|The Federal Trade Commission is proposing there
should be financial rewards for informing on spammers
The Federal Trade Commission in the US has submitted a report to
Congress, stating that the information provided by the vast
majority of consumers who are forwarding spam emails to the FTC's
database, is not helping to identify spammers. Instead, it is
examining whether it would be appropriate to initiate a "reward
scheme" for information leading to the conviction of spammers.
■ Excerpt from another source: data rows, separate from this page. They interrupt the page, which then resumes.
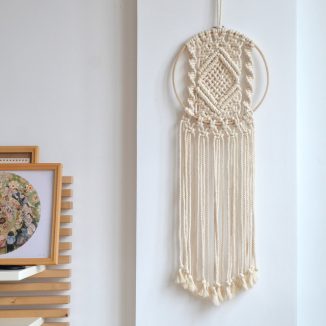 Το όνομα macrame είναι πιθανό να προέρχεται από το Αραβικό Migramah που σημαίνει κρόσσι, διακοσμητική φράντζα, χοντρή δαντέλα. Εσείς αυτό που έχετε να κάνετε – αν δεν αποφασίσετε να μάθετε την τέχνη του macrame – είναι να ψάξετε αυτό που σας ταιριάζει ή ακόμα και να βρείτε να σας φτιάξουν ένα όπως το θέλετε και να διακοσμήσετε το χώρο σας. Είναι αέρινο, είναι χειροποίητο, έχει αξία και ομορφιά.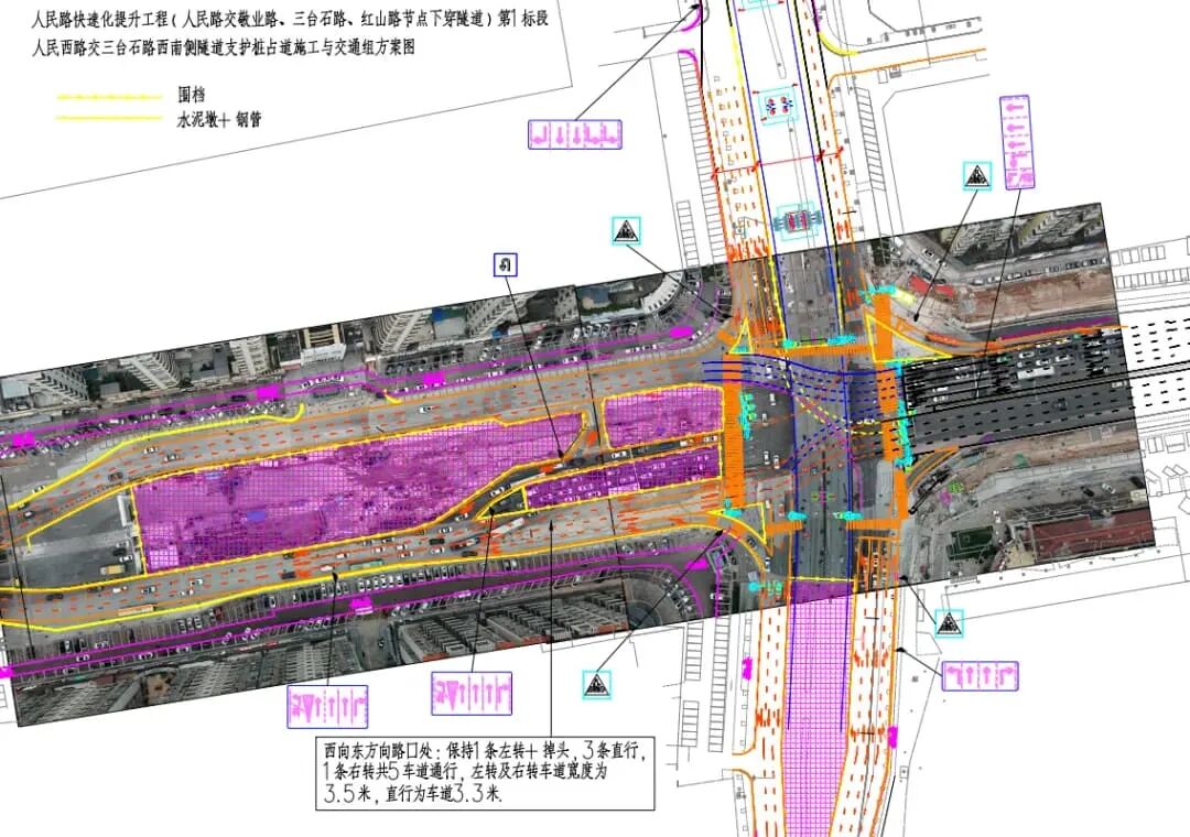 2、人民路西往东方向路口处:原有2条左转车道调整为1条左转(可掉头),3条直行车道由安居园公交站(西向东方向)顺直至路口,右转车道保持不变。共保留5车道通行,左转及右转车道宽度为3.5米,直行车道3.3米。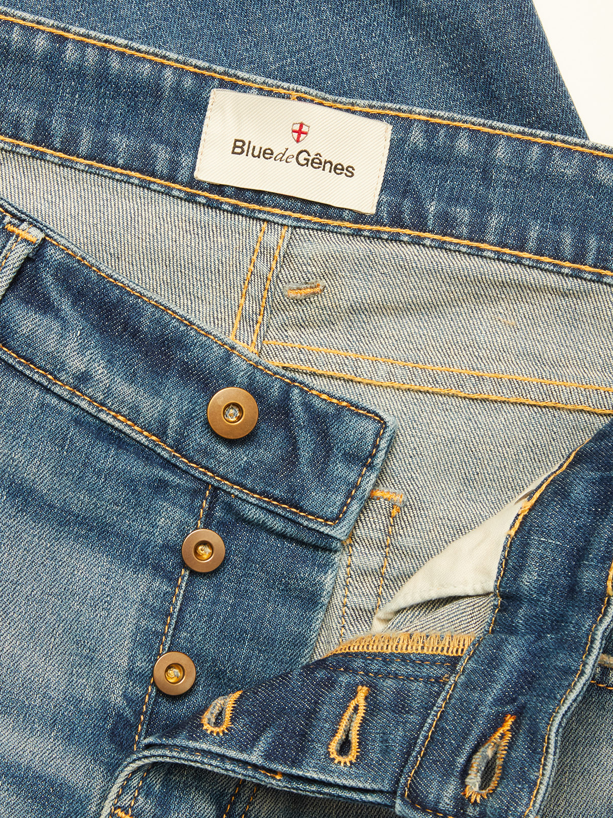 Top fede jeans fra Blue de Gênes. Disse jeans er vasket denim lyseblå, med små detaljer af slid. Disse jeans har knaplukning og god stretch, samt bæltestropper.
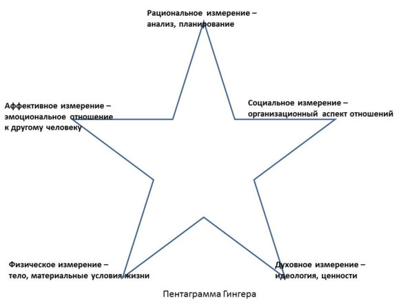 Известный французский гештальт-терапевт Серж Гингер писал, что человеческая жизнь протекает одновременно в пяти измерениях – физическом, социальном, эмоциональном, рациональном и духовном. Он изображал это в виде пентаграммы.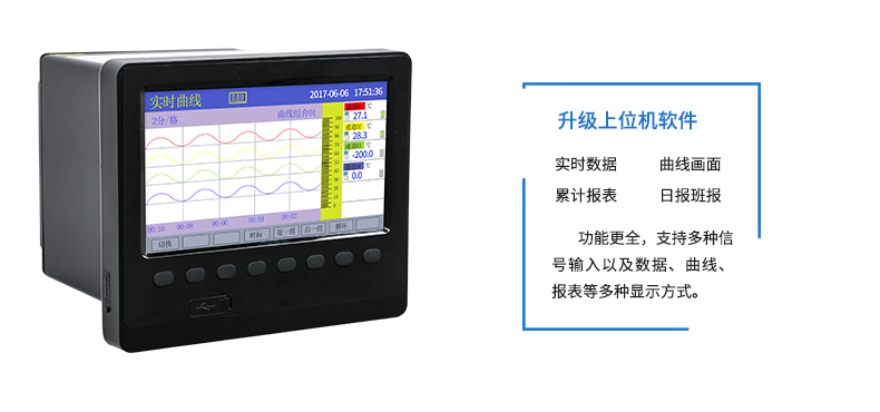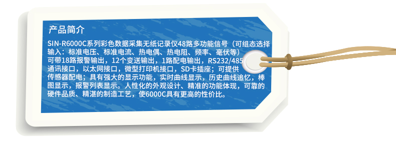 SIN-R6000C系列彩色無紙記錄儀48路萬能輸入(可組態選擇輸入:標準電壓、標準電流、熱電偶、熱電阻、頻率、毫伏等)。可帶18路報警輸出,12個變送輸出,RS232/485通訊接口,以太網接口,微型打印機接口和USB接口,SD卡插座;可提供傳感器配電;具有強大的顯示功能,實時曲線顯示,歷史曲線追憶,棒圖顯示,報警列表顯示。
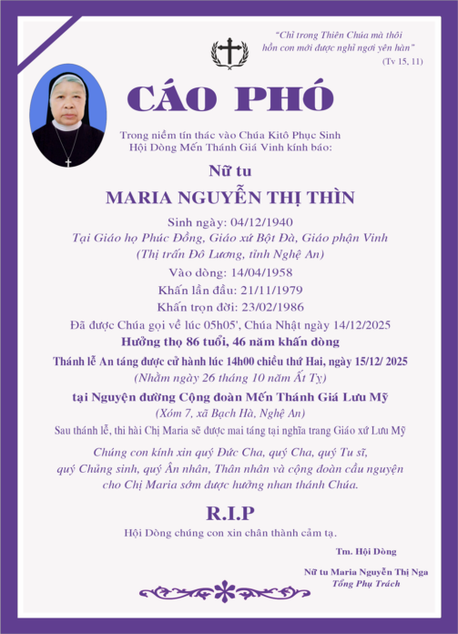 Cáo phó: Nữ tu Maria Nguyễn Thị Thìn (Cộng đoàn Lưu Mỹ – Hội dòng Mến Thánh Giá Vinh) 14 Tháng 12, 2025 Share FacebookTwitterWhatsAppEmailPrintViber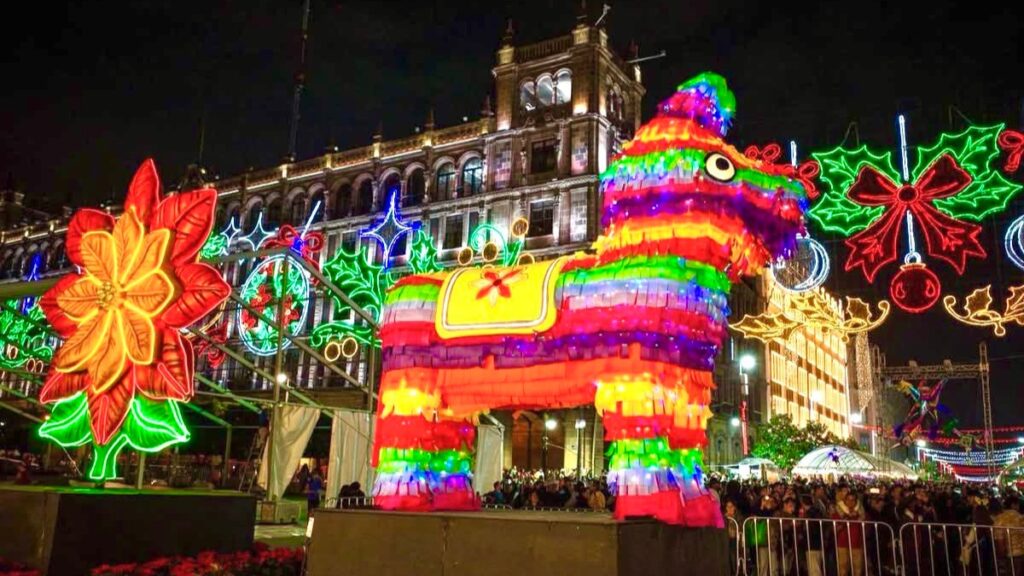 Durante estos días, el Zócalo se transforma en una auténtica villa navideña con atractivos que van mucho más allá del famoso túnel luminoso. Árboles monumentales decorados con nochebuenas, esculturas iluminadas, un nacimiento monumental, espectáculos culturales diarios y una feria de artesanías hacen de este festival una de las mejores actividades navideñas en la CDMX.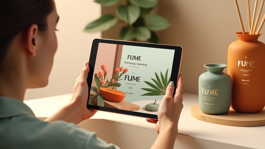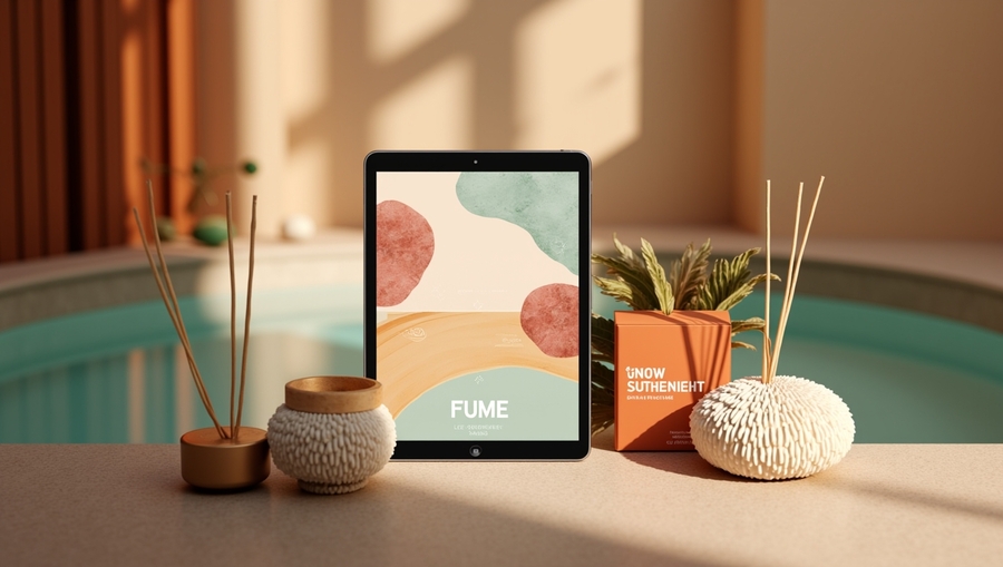 3. Generate images of advertising materials (posters, banners, signage) for the Fume incense brand, placed within interior settings that complement the Fume aesthetic. Maintain the brand’s established color palette (specify colors if known, e.g., «earthy tones, muted pastels, subtle metallics») and incorporate subtle, abstract representations of natural forms, inspired by the organic shapes found on Fume packaging. Use interesting typographic solutions and compelling slogans to convey the essence of the Fume brand: relaxation, sophistication, and connection with nature. Create an image of a digital Fume advertisement displayed on a tablet in a spa setting. The spa should be luxurious and relaxing, with soft lighting and natural elements. The ad should feature a short, animated video showcasing the Fume incense and its benefits. Use the slogan: «Fume: Sensory Serenity.» Keep the design clean and uncluttered.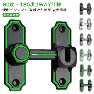 ドアロック 引き戸 鍵 後付け 穴あけ不要 90度 180度 引き戸用鍵 亜鉛合金 ドア留め金ロック 後付け 回転式 フリップラッチロック スライドロック 窓ロック と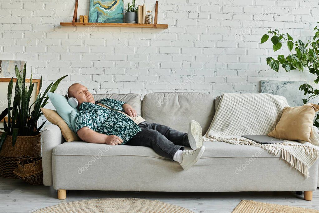Человек с инклюзивностью мирно покоится на сером диване, одетый в наушники и рубашку с узором.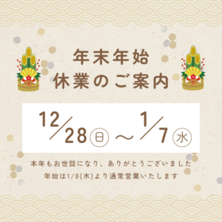 12/28(日)〜1/7(水)まで休業とさせていただきます。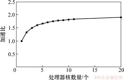 但在实际情况中,开发更大的并行性所得到的性能效益可能很小,即在并行程度不高或者既定的情况下,随着计算机处理器核数量的增大,应用程序的效率并不一定能显著提高。图5所示为并行率确定为0.5时,增加处理器核数目对加速比的影响。由图5可知:当并行率为0.5时,根据Amdahl定律即式(4),增加处理器核数量时,加速比最大值为2。不论如何增加处理量数目,加速比均不会超过这个极值,可见提高程序的并行化比例具有重要意义。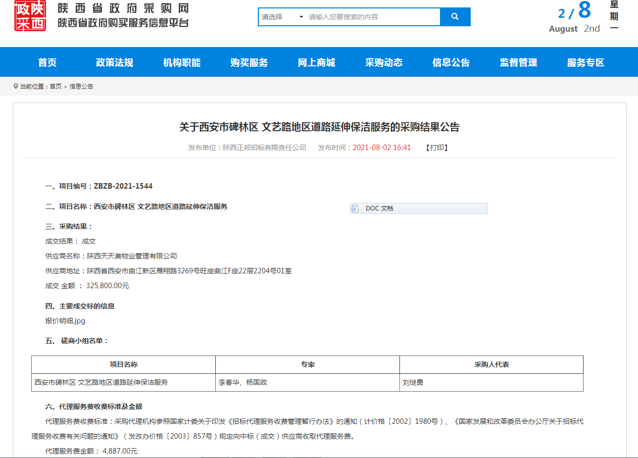 關(guān)于西安市碑林區(qū) 文藝路地區(qū)道路延伸保潔服務(wù)的采購結(jié)果公告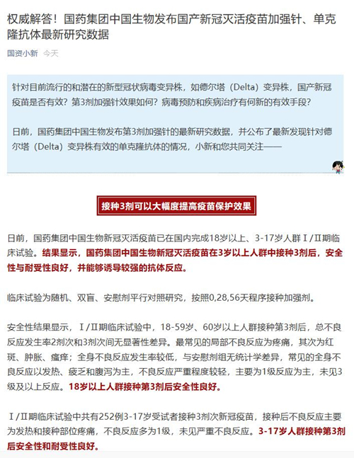最新!國藥集團(tuán)中國生物公布研究數(shù)據(jù):接種3劑新冠滅活疫苗可大幅提高保護(hù)效果

The report reveals that the FTC believes that substantial
financial rewards could tempt "whisteblowers" or insiders within
spam gangs to provide the necessary evidence and high-value
information required to secure a conviction. It suggests that
rewards would need to be approximately $100,000, but sometimes as
much as $250,000.
"Although there have been some convictions of US spammers, these
have been few and far between, and have done little to slow the
tidal wave of unsolicited emails - it's therefore unsurprising that
the FTC is proposing a bounty for the heads of spammers," said
Graham Cluley, senior technology consultant for Sophos. "Making the
decision to inform upon your criminal spamming colleagues may not
be an easy one for many whistleblowers. The FTC believes that
substantial rewards will overcome an individual's concern about
losing their revenue stream and the very real fear that losing
their anonymity may lead to personal retaliation."
The FTC was required to submit the report to Congress as part of
the CAN-SPAM Act which became active in the USA on 1 January 2004,
in an attempt to discover whether financial rewards would assist in
the capture and sentencing of spammers.
"It's a sad reflection on society that people can not question
their own behaviour, but need a financial incentive to break up
criminal gangs engaged in spamming," continued Cluley. "However, if
this is what is necessary to make the spammers sleep uneasily in
their beds at night, it's probably the right step."
In the last year, software companies such as Microsoft and SCO
have offered substantial rewards for information leading to the
successful conviction of virus writers who have launched attacks
against their websites or customers.
The full report by the FTC can be found on its website.